On the other end of the spectrum, the first appearance of a shark — it’s always bigger than you were expecting, no matter the film — never gets old:

Jaws (1975).

Sharks satisfy man’s existential need to face the elements, nature, and the unknown

This is a pretty obvious reason, but it remains the most compelling of all. Stories pitting man against the terrors of the deep have always been a mainstay of human folklore, from the biblical fable of Jonah and the whale to nautical tales of the great kraken, from Moby Dick to The Old Man and the Sea to Lovecraft’s tentacle monster Cthulhu to Disney’s Pinocchio.

Super Shark (2011).

Each of these narratives involves great sea creatures that provide opportunities for heroes to face their fears, come to terms with their humanity, and, you know, be manly men who fish and hunt and conquer the wilderness.

But as formidable opponents, many of these sea creatures lack a significant, shall we say, bite. Giant squid generally stay too far below the surface to really pose a viable threat to humans. Even a big swordfish is no match for a skilled modern fisherman — and the swordfish wouldn’t want to eat you anyway. As for whales, the bigger they are, the more peaceful and harmless they seem to be. Even the ones with teeth are passive and don’t really want to hurt you (unless they’ve been subjected to lifelong animal cruelty).

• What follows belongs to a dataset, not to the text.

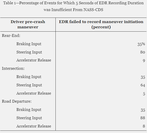 This is interesting. More interesting to us, however, is that in evaluating EDR recording time for causation analysis, NHTSA also found that “a better understanding of the driver’s pre-crash behavior will also assist in the evaluation of emerging crash avoidance systems (e.g., lane departure warning, lane keeping assist, forward collision avoidance, automatic emergency braking, and intersection safety assistance systems).” While undoubtedly true, NHTSA’s continued focus on EDR data alone actually ignores an entire category of data that would be even more useful in assessing these advanced crash avoidance systems as well as accident causation—i.e., Vehicle Performance Data (VPD).

Sharks, by contrast, are big. They have teeth — sometimes really big, really sharp teeth! They come into the shallow parts of the ocean where humans like to swim and play. Because they are drawn to loud noises and activity in the water, it’s possible, if not probable, that they could be lurking in the water where your loved ones are splashing around. They’re durable and intimidating, and even though in real life sharks are almost never aggressive toward humans, the biggest ones have the power and the potential to chomp you in two.

The Last Shark.

In sum: Like all man-versus-nature tropes, man-versus-shark movies — and man-versus-sharks-versus-other-creatures movies — can reveal important truths about human nature and serve as fascinating, in-depth character studies. Unlike most other man-versus-nature tropes, they do it with a side of terrifying, razor-sharp teeth.

Sharks combine mankind’s desire to conquer nature with its fear of and fascination with the mysteries of the ocean. Even in this modern age, when we’ve been able to plumb the depths of the seas, we still know surprisingly little about sharks. Jaws’ famous description of a shark’s “cold, dead eyes, like a doll’s eyes” in the film’s USS Indianapolis monologue (which was based on the real sinking of a US World War II Navy ship and subsequent shark attacks on its sailors) is still a testament to how unknowable they are.

In essence, in fiction if not in real life, sharks are the perfect scary force of nature: an ever-present threat waiting to happen, in a deep blue setting that humans are still learning to navigate.

But when all is said and done? As with all great horror movie villains, ultimately we’re always rooting for the shark.